Supermarket chain in North Dakota, US

Hornbacher's is a supermarket chain that operates eight stores in Fargo and West Fargo, North Dakota, and Moorhead, Minnesota. Hornbacher's is a wholly owned subsidiary of St. Cloud based Coborn's, Inc.

==History==

In 1951, Ted Hornbacher and his partner Jim Custer opened a store at the corner of Eighth and Main Avenue in Moorhead. This was the start of what is now known as Hornbacher's. In 1956, the Northport location opened in north Fargo. This location housed the corporate offices until the opening of the Osgood location in 2006. In 1958, the Moorhead location was moved to a larger facility on the east side of Eleventh and Main. In 1974, the Village West location in Fargo opened across the street from West Acres Shopping Center. In 1975, Hornbacher's was acquired by SuperValu Inc. In 1990, the Express store in Fargo was added to Hornbachers and in 1994 the Southgate location in Fargo opened. Hornbacher's also operated a store in Grand Forks from October 2015 to December 2018.

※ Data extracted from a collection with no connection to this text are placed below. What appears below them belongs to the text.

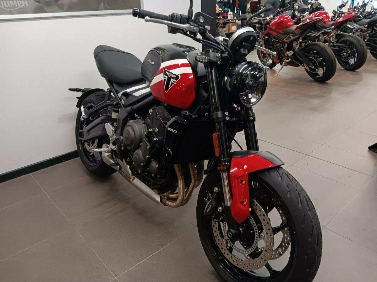 LAMS APPROVED^^New Trident 660 ^Exhilarating performance and handling, unique retro-modern styling, best-in-class rider-focused technology and Triumph?s renowned premium build quality and component specification. ^^The Trident 660 makes every ride seriously fun.^^A class-leading level of technology to enhance your ride, now fitted as standard. Featuring 3 riding modes including an exciting new Sports riding mode, Cruise Control, Optimised Cornering ABS and Traction Control, plus Triumph Shift Assist for clutch-less up and down gear changes. Bluetooth connectivity adds turn-by-turn navigation and full phone functionality to deliver unrivalled levels of rider convenience.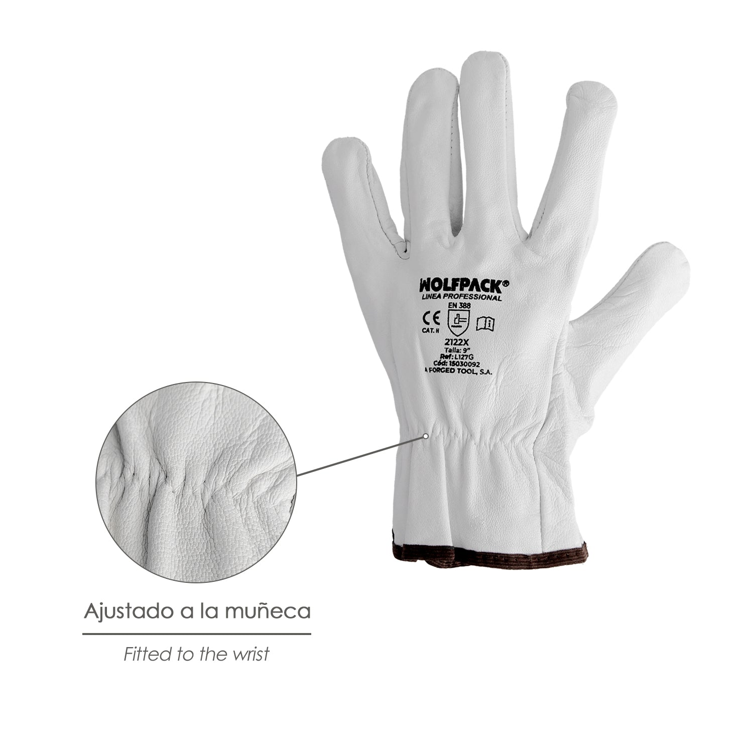 Guantes De Trabajo De Piel Flor De Vacuno, Proteccion Laboral, Riesgos Mecanicos, Guantes De Seguridad De Cuero. Talla 7" (Par)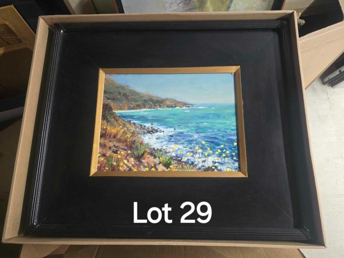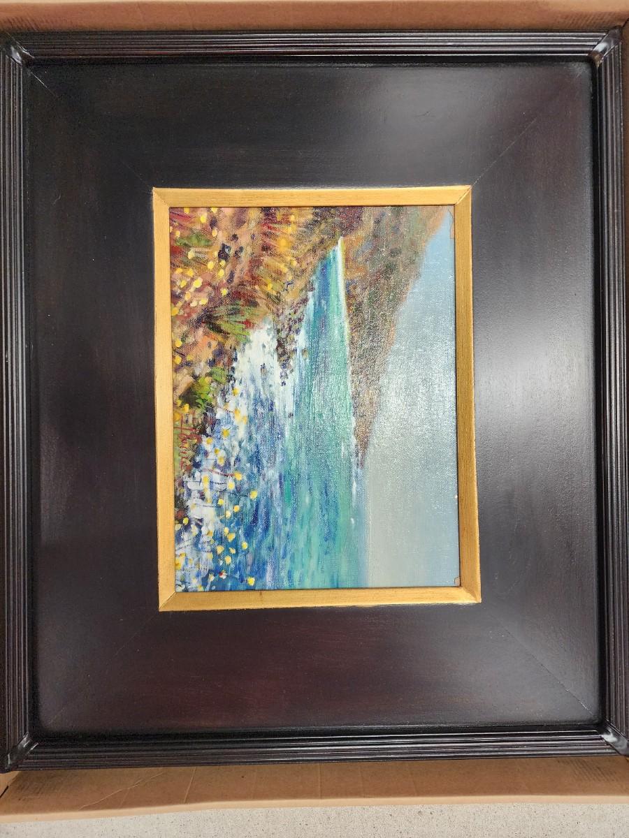 This ocean scene measures 21.5 by 18.5 in frame and weight 5 lbs. The art is 9 by 12 inches. Nicely matted, this piece will add to any decor. It is oil. 3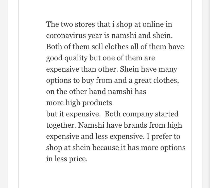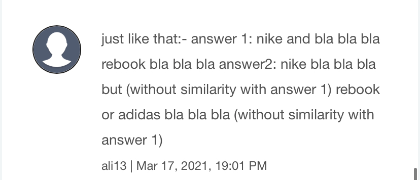• just like that:- answer 1: nike and bla bla bla rebook bla bla bla answer2: nike bla bla bla but (without similarity with answer 1) rebook or adidas bla bla bla (without similarity with answer 1)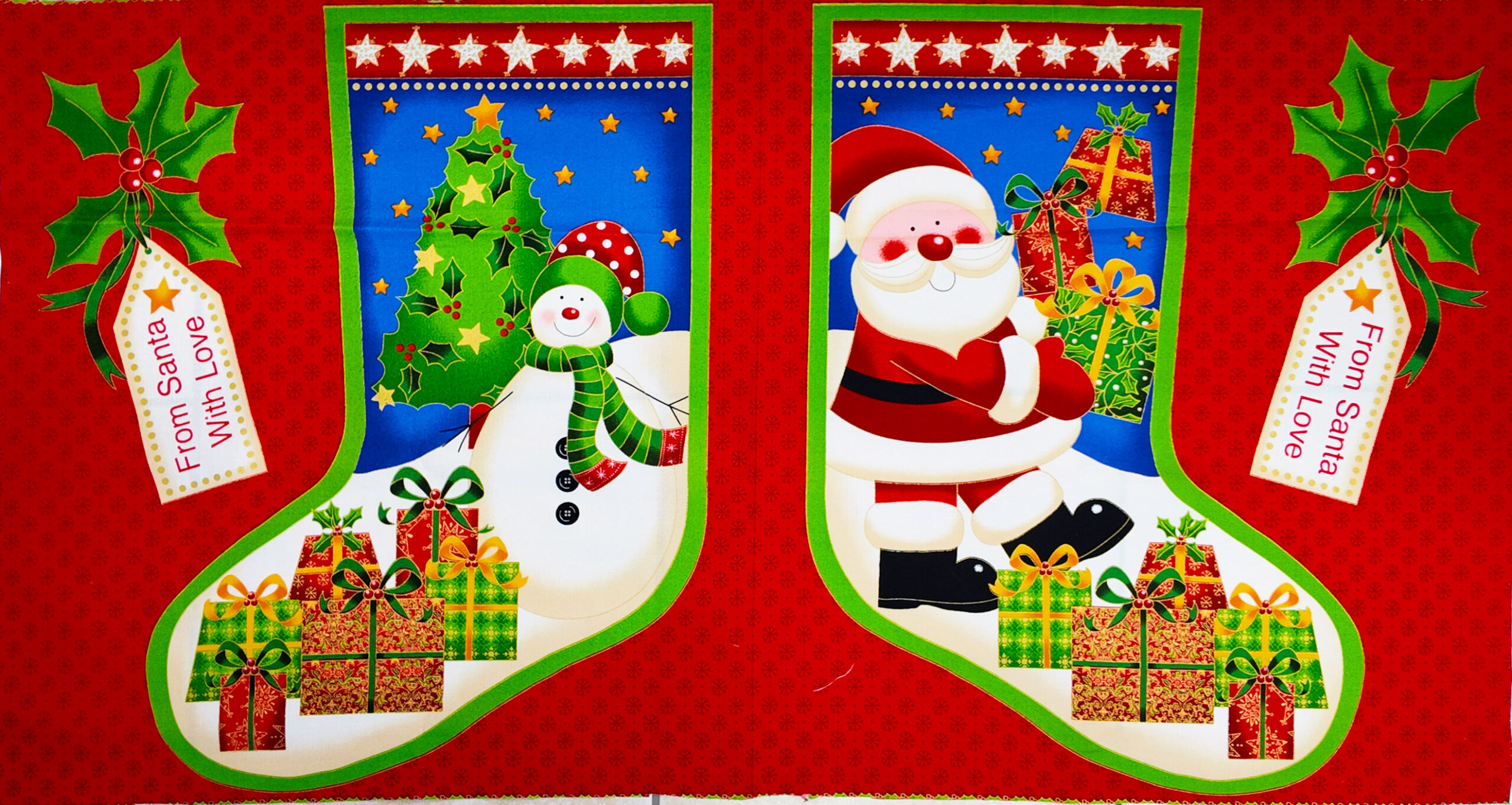 Deux grandes chaussettes de Noël colorées décorées d’un Père Noël, d’un bonhomme de neige et de nombreux cadeaux scintillants. Le fond rouge et bleu vibrant respire la joie et la générosité des fêtes hivernales.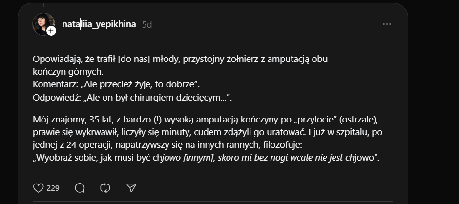 Mój znajomy, 35 lat, z bardzo (!) wysoką amputacją kończyny po „przylocie” (ostrzale), prawie się wykrwawił, liczyły się minuty, cudem zdążyli go uratować. I już w szpitalu, po jednej z 24 operacji, napatrzywszy się na innych rannych, filozofuje: „Wyobraź sobie, jak musi być chujowo [innym], skoro mi bez nogi wcale nie jest chujowo”."Image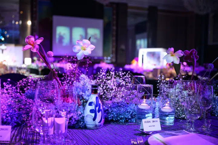 本地知名花艺品牌 Fiore Dorato为各位贵宾们精心设计餐桌花艺,为晚宴增添浪漫气息与视觉美感,也完美诠释风华的美学精神。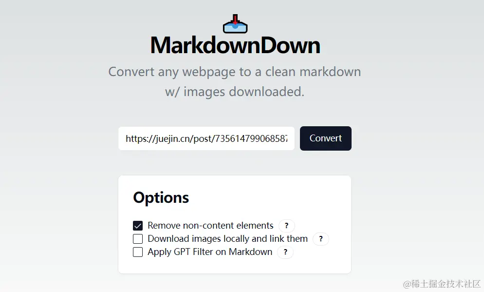 - MarkdownDown:将任何网页转换为的简洁 Markdown,只需输入 URL 即可下载,同时支持设置是否过滤非内容元素、是否下载图片等等选项。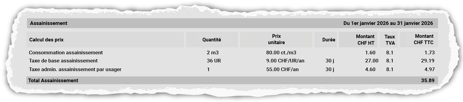 | Taxe de base assainissement | Il s’agit d’une taxe annuelle fixe facturée par logement pour l’assainissement. |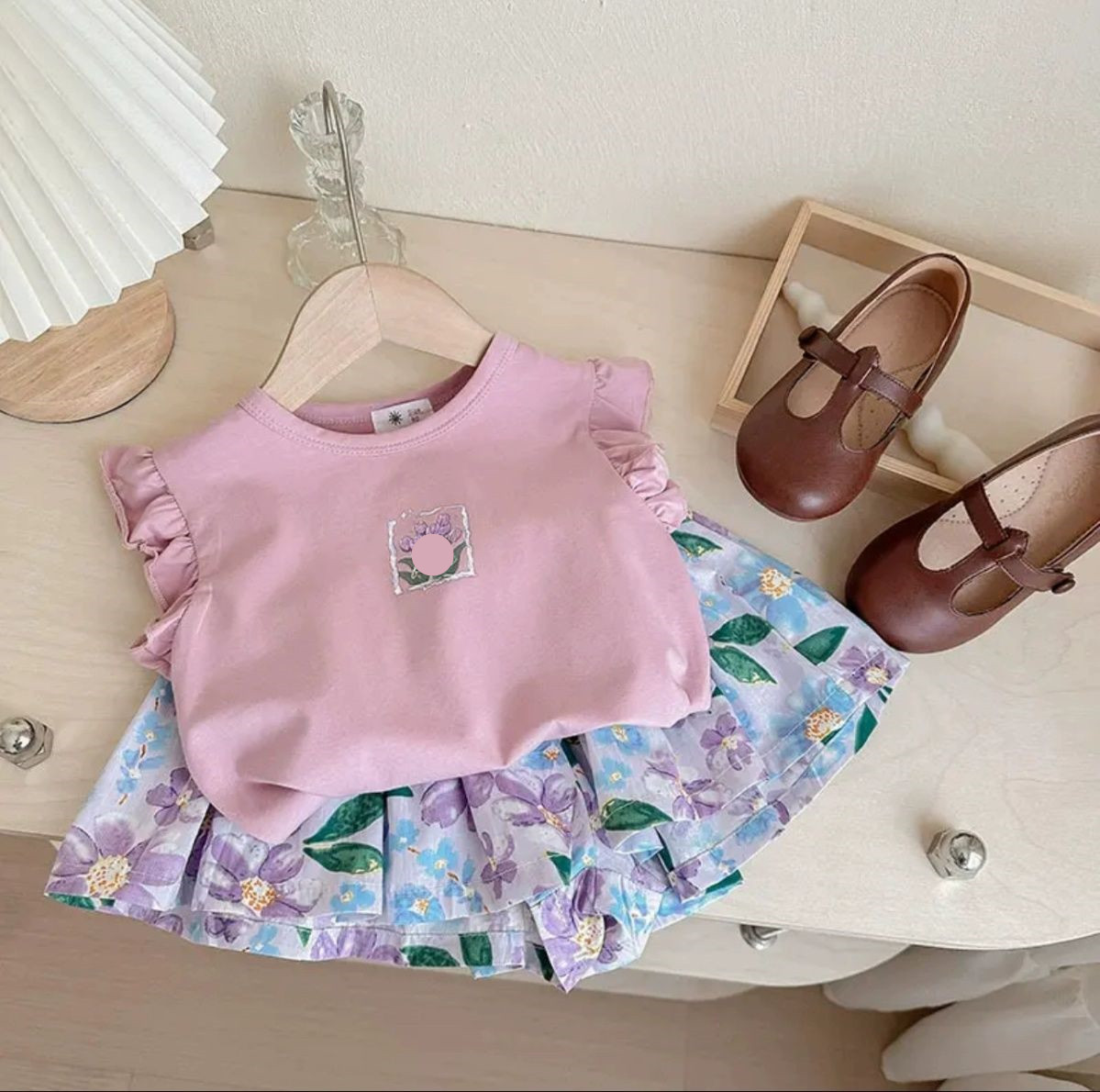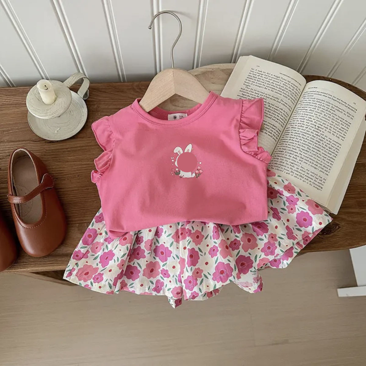 여름 여아 정장, 아기 패션, 어린이 맞춤형 트렌디 브랜드 한국어 버전, 달콤한 플라잉 슬리브 만화 티셔츠, 꽃무늬 반바지스토어 가기

In early 2006, Hornbacher's opened its sixth store in Osgood, a neighborhood of Fargo. This also was the first location to sell gasoline, however a gas station has since been added to the Southgate location on 32nd Avenue S. in Fargo. In 2006, Hornbacher's began its "Hornbacher's To Go" home delivery service in Fargo. In October 2006, Hornbacher's finished the remodel of its Northport store.

In 2009, Hornbacher's revamped their advertising. Dropping the "Hornbacher's H" logo seen on print and TV ads and dropping their longtime slogan "We make shopping EASY!" in favor of "Good Things are just around the corner", the slogan now in use by all Supervalu owned stores. This slogan was in turn changed in favor of "Serving Our Community Since 1951" to reflect Hornbacher's local presence against rival chains such as Family Fare and Walmart. The Hornbacher's logo was also overhauled in 2014, placing the stylized "H" in a black circle with the "Hornbacher's" name arching over it.

On November 29, 2018, it was announced that parent company Coborn's would purchase Hornbacher's from United Natural Foods for $2.9 billion.